Nicole here with a solo update for you! We hope you’ve been enjoying getting a bit wibbly-wobbly with some of our cocktail recipes, and that you participated in our Scarf Giveaway. I hear a rumor we might make that one annual! Alex is hard at work on some new cocktails, but in the mean time we thought we’d help get your kitchen ready for some New Years fun! Now, tracking down Doctor Who themed bartending supplies is nigh impossible–sorry all you folks who have found our site by searching the key words ‘TARDIS Cocktail Shaker’–nevertheless we’ve put together a short list of items to make your home prepared for an invasion of…er…party guests. Or the 18th century French royal court? Ten said they knew how to party.
1. A Bartending Kit
First things first: You need the proper tools to muddle, slice, shake, strain, and so on. Your little meat sticks you call fingers are not sufficient. Apparently when you do a bar tending certification they include a basic kit, (Alex: Actually, I had to purchase mine. Nicole: DETAILS!) but for the rest of us Amazon is an easy source for small bartending kits with the basics. These two are reasonably priced and include nearly everything you need providing you already have a decently equipped kitchen:
2. Ice Cube Tray
Ok just heads up that from here on out, ThinkGeek.com has this list on lock. I’m not bothered, they’re having a big holiday sale right now! Now then, nothing says, “This is a Doctor Who Cocktail, JUST SO YOU ARE AWARE” like a translucent TARDIS bobbing in your high ball glass.

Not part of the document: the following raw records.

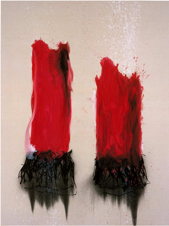
Jour de colère/Pas de tristesse 2004 Fusain et huile sur toile 185x140 cm
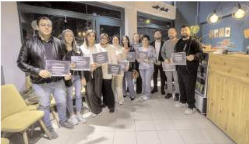
Eğitime katılanlara katılım belgeleri verildi.
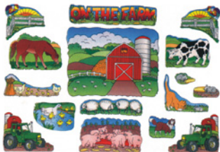
TCM1791- On the Farm
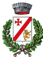
Comune di Boretto
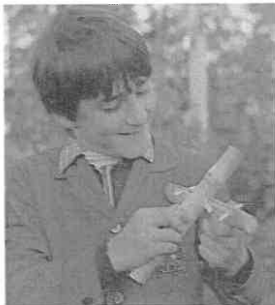
Cini-cini hegedű, itt minden kukoricaszár muzsikál
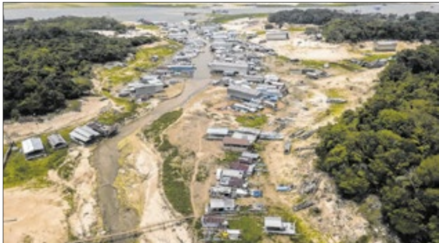
O déficit de precipitações chegou a 200 ml em algumas regiões
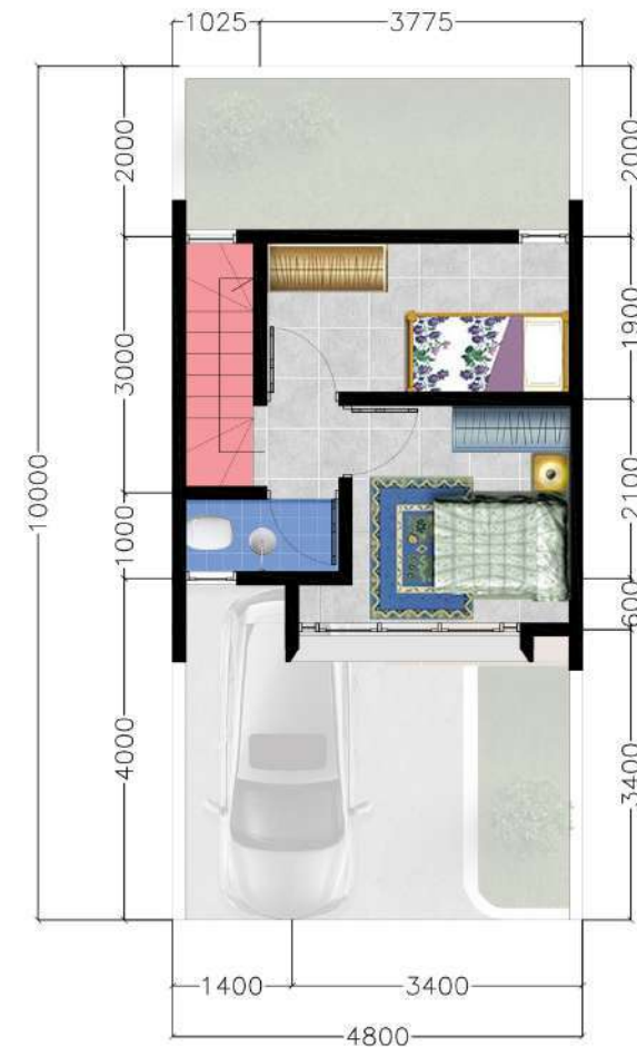
Denah Lantai 2
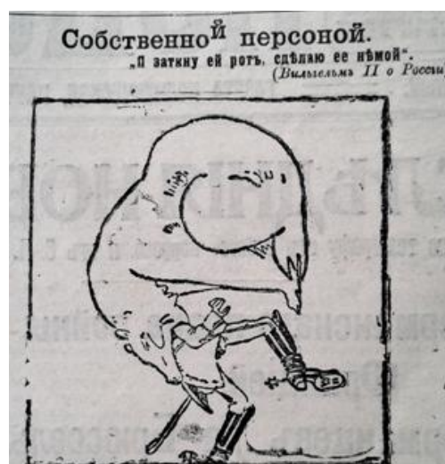
Рис. 4. Собственной персоной (Последние новости. 30 июля 1914 г. № 2499)

Для підсилення ефекту сприйняття побаченого та надання зображенню символічного контексту авторами сатиричної графіки застосовувався прийом зооморфної алегорії, тобто уподібнення до тварин. Карикатура “Собственной
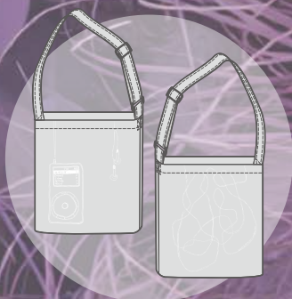
Crossbody Bag $220
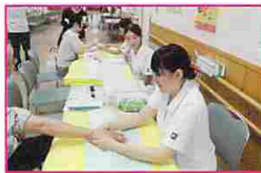
アロママッサージ
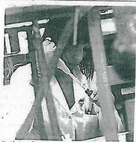
Una técnico realiza analíticas en la Enológica de Haro.

En este sentido, y con el fin de mantener esa posición de liderazgo en el futuro, la consejera señalaba
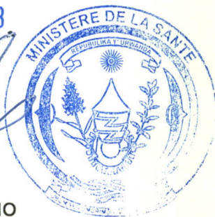
Dr Agnes BINAGWAHO Ministre de la Santé
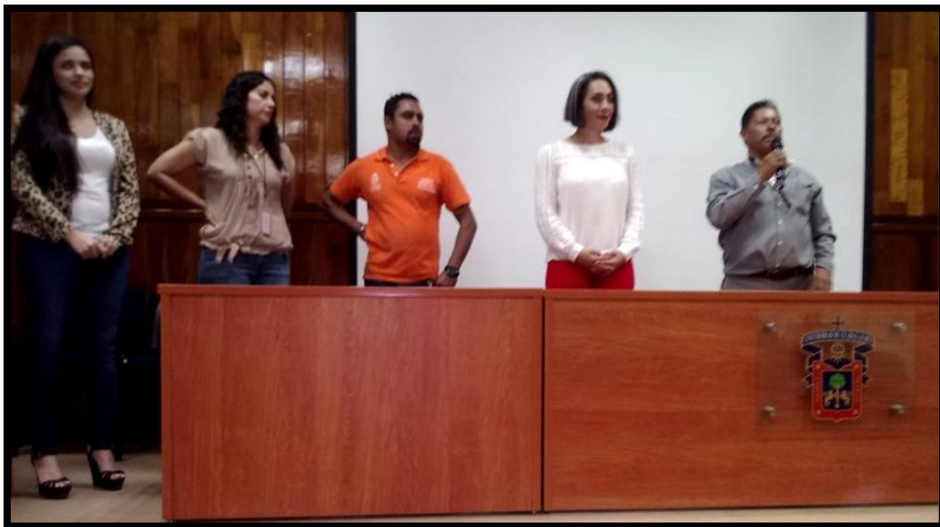
07 de Marzo De 2018 Entrega de Mochilas con Útiles a Jóvenes de Secundaria de la Escuela de Canotaje de Alto Rendimiento Dentro de las Instalaciones del Cusur.
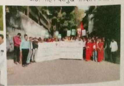
संत गाडगेबाबा जयंती निमित्त रॅली
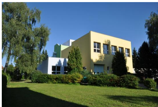
a areál školy
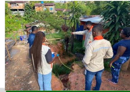
Apoyo al proceso de redes en la atención de requerimiento en el barrio la Unión
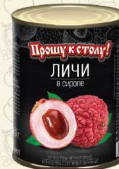
ЛИЧИ в виропе
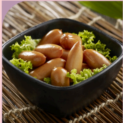
XÚC XÍCH GÀ GIÒN Crunchy Gourmet Chicken Sausage

59.000 VND Nửa phần - Half portion 109.000 VND Một phần - Per portion
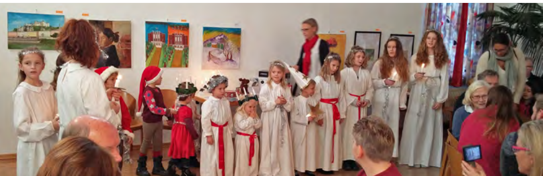
Många barn deltog i barnens luciatåg i Salzburg
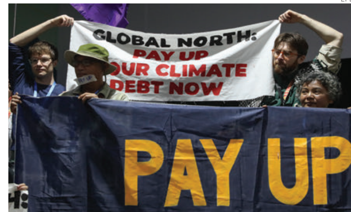
Activistas climáticos en la COP29 en Azerbaiyán.

“Dimos a todos los grupos la oportunidad de reaccionar al paquete de textos que publicamos ayer por la mañana y les agradecemos su compromiso constructivo”, declaró la presidencia de la COP29, animando a las partes a analizar los textos actualizados y trabajar hacia un consenso.
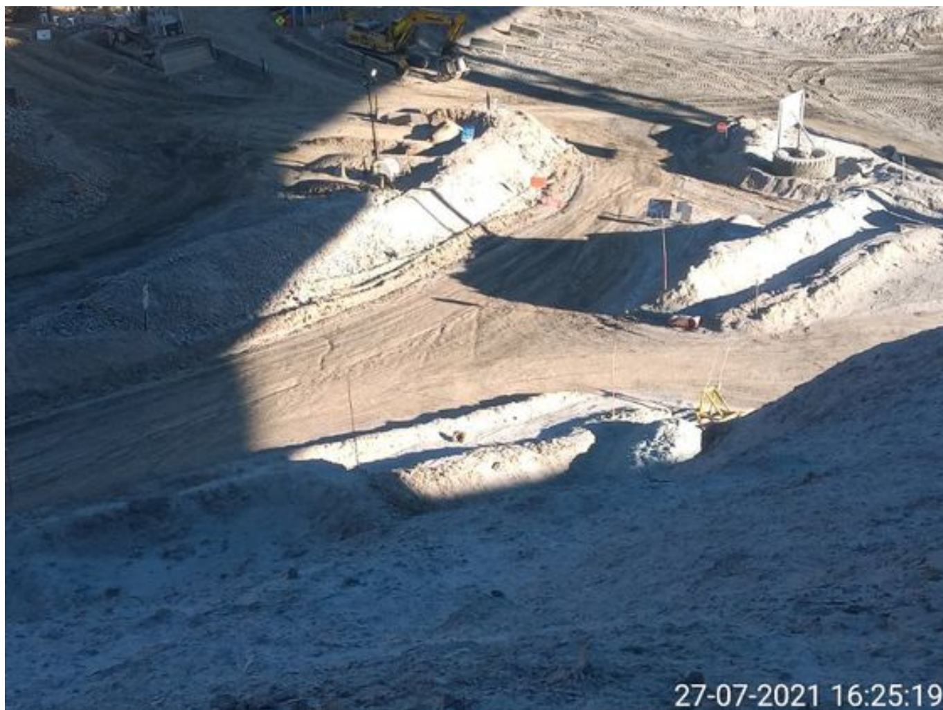
Foto 49: Medida: Riego Caminos. Lugar: Stock pile planta. Comentarios: riego de caminos operativo
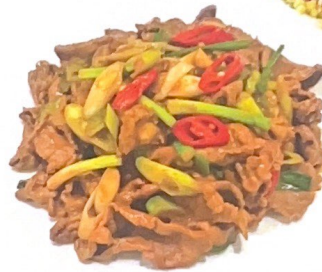
64. 酱爆牛排 | € 25,00 Spezzatini di filetto saltato
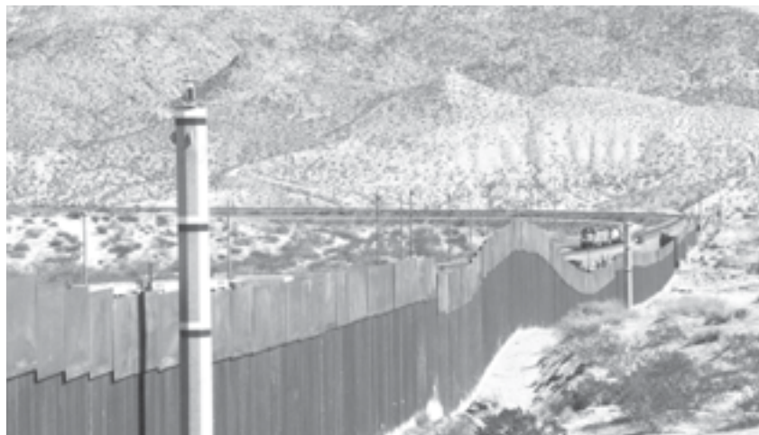
UNA PROPUESTA para combatir el cambio climático.

http://indicadorpolitico.mx indicadorpolitico@gmail.com Canal YouTube: Indicador Político
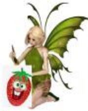
B) ponerle más pecas
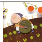
La cachette Que pensent les personnages ?
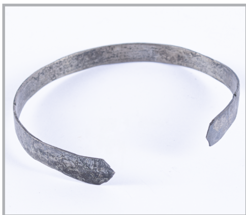
70. kép Kiszélesedő lemezkarperec Bánkútról
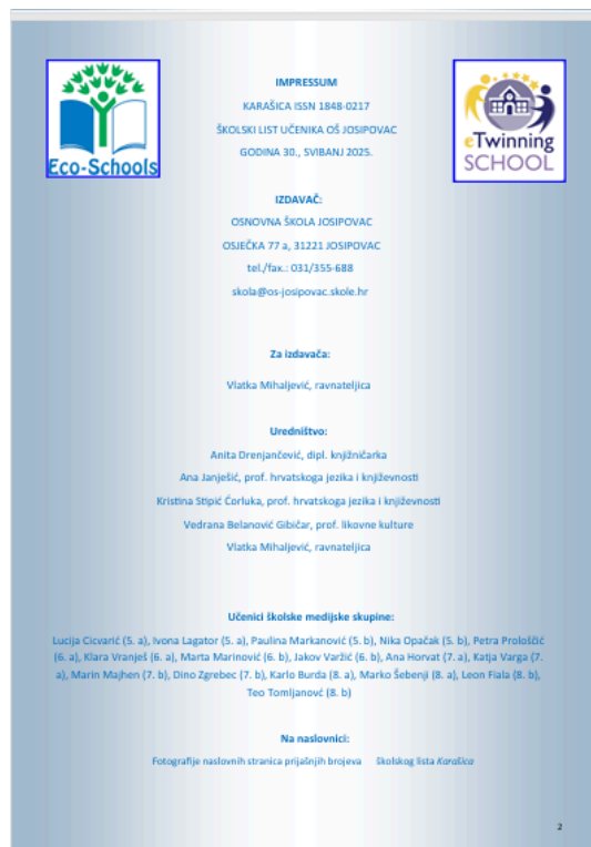
Slika 4. Impresum školskog lista Karašica , br. 30

U stvaranju sadržaja sudjeluju učenici izvannastavne skupine Novinari, koja je prije dvije godine promijenila naziv u Medijska skupina. Učenici sudjeluju u prikupljanju materijala, pisanju tekstova, praćenju događaja u školi, odabiru fotografija te oblikovanju sadržaja, uz mentorstvo učitelja i stručnih suradnika iz škole. Budući da se broj učenika, članova Medijske skupine, svake godine razlikuje, početkom nastavne godine određujemo zaduženja i timove koji će raditi na određenim rubrikama unutar školskog lista. Učenici se raspoređuju prema svojim sklonostima i željama uz vođenje učitelja i stručnih suradnika.
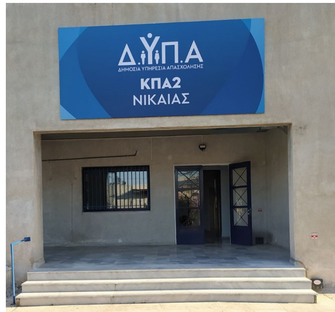
Ενδεικτικές νέες πινακίδες τύπου Β

Η πινακίδα, στο background του λεκτικού, φέρει τμήμα του λογότυπου της ΔΥΠΑ στο χρωματισμό της Υπηρεσίας που αναφέρεται.

You can even have Dalek ice cubes to stalk it! Although we’re not sure an inter species war in your cup would enhance the flavor of our recipes. Nevertheless, your drink will be nice and chilly. Bonus points–the silicone mold can be used to make chocolates or candies!
When your beloved guests/18th century French Court descends upon your humble abode, the last thing you want them leaving behind is water marks on your table! (Alex: Really? I could think of like, at least a dozen worse things to get left behind) Ahem, well anyway. Get some Doctor Who Coasters, you animal. You’re not in college any more for crying out loud. Or if you are, get a not-horribly-rich-but-comfortable-and-generous uncle.
While the designer in me considers nothing quite so elegant as a silk evening gown, fresh snow, or a simple martini glass, I’d be remiss if I didn’t take every measure to make sure your drink advertises to everyone around you that it is a DOCTOR WHO COCKTAIL. Or can at least pretend as such. Therefore, this glass should see you through everything from our ‘Nitro-9‘ bomb to a humble brewsky. It is color-changing, which is neat, but I’m sure you have to provide your own sound effects.
5. “Incognito” Beverage Delivery System
While I would never condone taking an alcoholic beverage anywhere you shouldn’t, sometimes you want a not-so-breakable, insulated, incognito beverage holder. That’s all I’m saying. Don’t read into the fact that I live in the den of all that is publicly boozy: San Francisco. (Alex: Is it though? I dunno–commenters?) I mean heck this thing is pretty sweet, you could use it for your every day coffee habit too.
There you are! Five fun ways to get your kitchen ready for your own holiday cheer! If your holiday cheer involves Doctor Who and fun cocktails. I’m just going to go ahead and assume that’s the case.